Work to complete:
Print the listing below again from the line that contains "Éjszakánként míg a" onward, keeping every line exact and leaving out the lines before it.
_ _ _ _ _
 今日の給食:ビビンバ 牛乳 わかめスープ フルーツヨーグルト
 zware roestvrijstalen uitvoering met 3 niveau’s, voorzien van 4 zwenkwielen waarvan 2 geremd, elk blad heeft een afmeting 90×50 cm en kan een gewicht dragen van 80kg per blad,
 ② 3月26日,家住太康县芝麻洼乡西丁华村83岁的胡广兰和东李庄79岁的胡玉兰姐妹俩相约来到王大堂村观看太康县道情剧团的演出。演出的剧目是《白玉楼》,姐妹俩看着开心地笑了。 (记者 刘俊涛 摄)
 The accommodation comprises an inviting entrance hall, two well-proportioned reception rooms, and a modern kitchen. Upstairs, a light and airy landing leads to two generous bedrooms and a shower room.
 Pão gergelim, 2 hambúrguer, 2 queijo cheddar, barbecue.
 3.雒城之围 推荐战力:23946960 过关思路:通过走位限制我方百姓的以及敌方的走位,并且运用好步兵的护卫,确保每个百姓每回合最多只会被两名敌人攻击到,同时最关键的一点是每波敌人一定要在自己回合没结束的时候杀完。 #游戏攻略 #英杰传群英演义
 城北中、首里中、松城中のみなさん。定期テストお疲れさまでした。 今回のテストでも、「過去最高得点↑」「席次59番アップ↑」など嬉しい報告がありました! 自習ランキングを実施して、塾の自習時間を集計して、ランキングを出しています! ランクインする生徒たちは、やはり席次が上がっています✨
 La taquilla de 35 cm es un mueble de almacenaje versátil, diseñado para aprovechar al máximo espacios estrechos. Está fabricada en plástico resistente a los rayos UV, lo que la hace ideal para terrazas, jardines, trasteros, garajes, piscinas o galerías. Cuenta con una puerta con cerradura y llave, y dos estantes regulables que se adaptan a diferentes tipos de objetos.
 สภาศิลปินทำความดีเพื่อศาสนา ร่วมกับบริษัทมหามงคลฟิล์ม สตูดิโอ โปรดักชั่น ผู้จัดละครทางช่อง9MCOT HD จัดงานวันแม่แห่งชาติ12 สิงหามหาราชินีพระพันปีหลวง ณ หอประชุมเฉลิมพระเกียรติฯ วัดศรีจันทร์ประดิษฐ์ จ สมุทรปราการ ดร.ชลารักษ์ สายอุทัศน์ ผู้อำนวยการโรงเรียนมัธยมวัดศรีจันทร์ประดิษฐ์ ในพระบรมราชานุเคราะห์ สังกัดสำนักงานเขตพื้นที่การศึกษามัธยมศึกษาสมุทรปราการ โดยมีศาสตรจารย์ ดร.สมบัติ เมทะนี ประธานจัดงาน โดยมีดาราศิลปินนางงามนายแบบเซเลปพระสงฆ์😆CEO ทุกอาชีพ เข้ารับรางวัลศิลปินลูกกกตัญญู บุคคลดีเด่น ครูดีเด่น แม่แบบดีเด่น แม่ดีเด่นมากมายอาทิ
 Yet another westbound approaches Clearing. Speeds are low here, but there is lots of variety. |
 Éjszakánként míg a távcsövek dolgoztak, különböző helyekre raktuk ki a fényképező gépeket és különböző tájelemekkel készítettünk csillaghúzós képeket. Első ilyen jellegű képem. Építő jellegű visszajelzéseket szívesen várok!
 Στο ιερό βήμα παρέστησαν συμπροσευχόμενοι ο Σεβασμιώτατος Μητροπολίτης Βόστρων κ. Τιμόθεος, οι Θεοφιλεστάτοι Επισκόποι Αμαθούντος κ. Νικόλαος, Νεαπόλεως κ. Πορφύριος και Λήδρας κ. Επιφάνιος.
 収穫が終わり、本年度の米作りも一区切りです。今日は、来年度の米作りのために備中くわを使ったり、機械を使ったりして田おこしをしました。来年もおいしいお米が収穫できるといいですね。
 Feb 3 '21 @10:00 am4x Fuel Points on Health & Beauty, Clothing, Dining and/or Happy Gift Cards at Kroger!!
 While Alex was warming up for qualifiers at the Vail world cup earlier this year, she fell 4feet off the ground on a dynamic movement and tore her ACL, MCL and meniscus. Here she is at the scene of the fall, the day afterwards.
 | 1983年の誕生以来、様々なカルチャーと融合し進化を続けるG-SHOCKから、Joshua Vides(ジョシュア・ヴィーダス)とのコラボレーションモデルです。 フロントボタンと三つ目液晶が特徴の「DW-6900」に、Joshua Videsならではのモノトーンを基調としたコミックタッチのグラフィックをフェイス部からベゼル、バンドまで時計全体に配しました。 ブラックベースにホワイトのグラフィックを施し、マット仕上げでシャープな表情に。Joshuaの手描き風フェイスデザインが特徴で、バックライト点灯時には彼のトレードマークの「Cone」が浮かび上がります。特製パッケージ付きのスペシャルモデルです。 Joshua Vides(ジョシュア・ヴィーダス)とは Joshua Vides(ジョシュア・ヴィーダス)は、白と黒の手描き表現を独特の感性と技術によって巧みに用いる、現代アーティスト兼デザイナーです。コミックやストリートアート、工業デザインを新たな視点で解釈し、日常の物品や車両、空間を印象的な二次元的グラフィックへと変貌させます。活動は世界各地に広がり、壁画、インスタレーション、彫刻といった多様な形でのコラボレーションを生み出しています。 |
_ _ _ _ _
Finished exercise:
 Éjszakánként míg a távcsövek dolgoztak, különböző helyekre raktuk ki a fényképező gépeket és különböző tájelemekkel készítettünk csillaghúzós képeket. Első ilyen jellegű képem. Építő jellegű visszajelzéseket szívesen várok!
 Στο ιερό βήμα παρέστησαν συμπροσευχόμενοι ο Σεβασμιώτατος Μητροπολίτης Βόστρων κ. Τιμόθεος, οι Θεοφιλεστάτοι Επισκόποι Αμαθούντος κ. Νικόλαος, Νεαπόλεως κ. Πορφύριος και Λήδρας κ. Επιφάνιος.
 収穫が終わり、本年度の米作りも一区切りです。今日は、来年度の米作りのために備中くわを使ったり、機械を使ったりして田おこしをしました。来年もおいしいお米が収穫できるといいですね。
 Feb 3 '21 @10:00 am4x Fuel Points on Health & Beauty, Clothing, Dining and/or Happy Gift Cards at Kroger!!
 While Alex was warming up for qualifiers at the Vail world cup earlier this year, she fell 4feet off the ground on a dynamic movement and tore her ACL, MCL and meniscus. Here she is at the scene of the fall, the day afterwards.
 | 1983年の誕生以来、様々なカルチャーと融合し進化を続けるG-SHOCKから、Joshua Vides(ジョシュア・ヴィーダス)とのコラボレーションモデルです。 フロントボタンと三つ目液晶が特徴の「DW-6900」に、Joshua Videsならではのモノトーンを基調としたコミックタッチのグラフィックをフェイス部からベゼル、バンドまで時計全体に配しました。 ブラックベースにホワイトのグラフィックを施し、マット仕上げでシャープな表情に。Joshuaの手描き風フェイスデザインが特徴で、バックライト点灯時には彼のトレードマークの「Cone」が浮かび上がります。特製パッケージ付きのスペシャルモデルです。 Joshua Vides(ジョシュア・ヴィーダス)とは Joshua Vides(ジョシュア・ヴィーダス)は、白と黒の手描き表現を独特の感性と技術によって巧みに用いる、現代アーティスト兼デザイナーです。コミックやストリートアート、工業デザインを新たな視点で解釈し、日常の物品や車両、空間を印象的な二次元的グラフィックへと変貌させます。活動は世界各地に広がり、壁画、インスタレーション、彫刻といった多様な形でのコラボレーションを生み出しています。 |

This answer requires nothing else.